This unique high-intensity interval training workout was created exclusively for Oxygen readers by Andy Speer, CSCS, SFG 1, co-owner of Soho Strength Lab, an elite training facility in New York City.
“The two exercises in the plan work almost every muscle in your body, especially legs, glutes, shoulders and abs. These two will torch fat in 12 to 18 minutes,” Speer says.
1. Hop Switch
From the plank position, bring your right foot to the outside of your right hand. In one motion, switch your feet so your left foot lands on the outside of your left hand and your right foot is extended behind your body. Tip: As you switch legs, push down into the floor with your hands/arms. Lift your hips only enough to move your legs smoothly.
Targets: shoulders, abs, hip flexors, cardiovascular system
2. Starter Drill
From a standing position, step rearward with your right foot (like a reverse lunge but slightly more extended) and place your right hand on the floor by the inside of your left foot. In one motion, stand tall, bringing your right knee up in front. (For an extra challenge/fat burn, add a small hop at the top of the motion to get slightly airborne.) Return to the bottom position and repeat. Tip: As your back knee drives upward toward the front, swing your opposite hand up with it, as if you were sprinting.
Targets: glutes, hamstrings, quads, cardio
How To Work It
Do the first exercise nonstop for 30 seconds, then rest 30 seconds.

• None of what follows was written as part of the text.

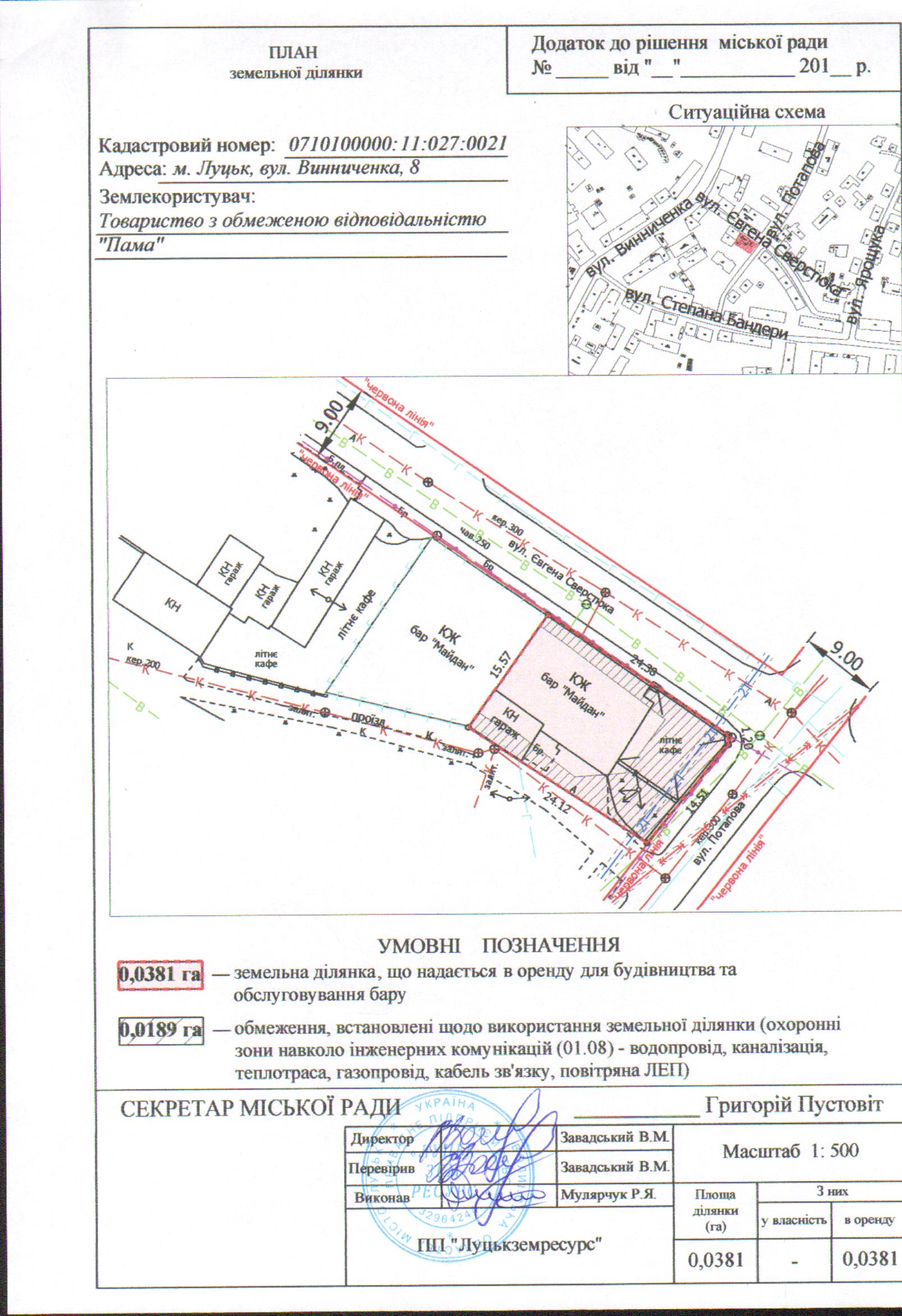 3. Укласти з товариством з обмеженою відповідальністю «Пама» договір оренди земельної ділянки на вул. Винниченка, 8 на вказаних в даному рішенні умовах, а також оформити інші документи, необхідні для вчинення цієї угоди.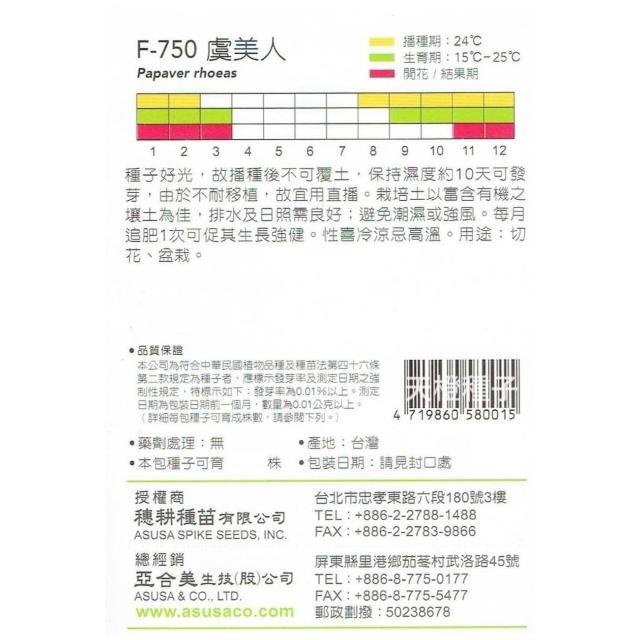 天橙種子虞美人種子 F-750 混合色 花卉類種子 8~2月播種 天星牌 穗耕種苗 家庭園藝 彩色原包裝

Immediately do the second exercise first with your right leg for 30 seconds of activity and 30 seconds of rest, then follow it with your left leg for the same action/rest period. One complete round of both exercises will take three minutes: hop switch 30/30, starter drill right leg 30/30, starter drill left leg 30/30.
Do the HIIT plan two to three times a week. Start by completing four rounds of 12 minutes total. Add a round every few workouts until you are able to do six rounds for a total of 18 minutes.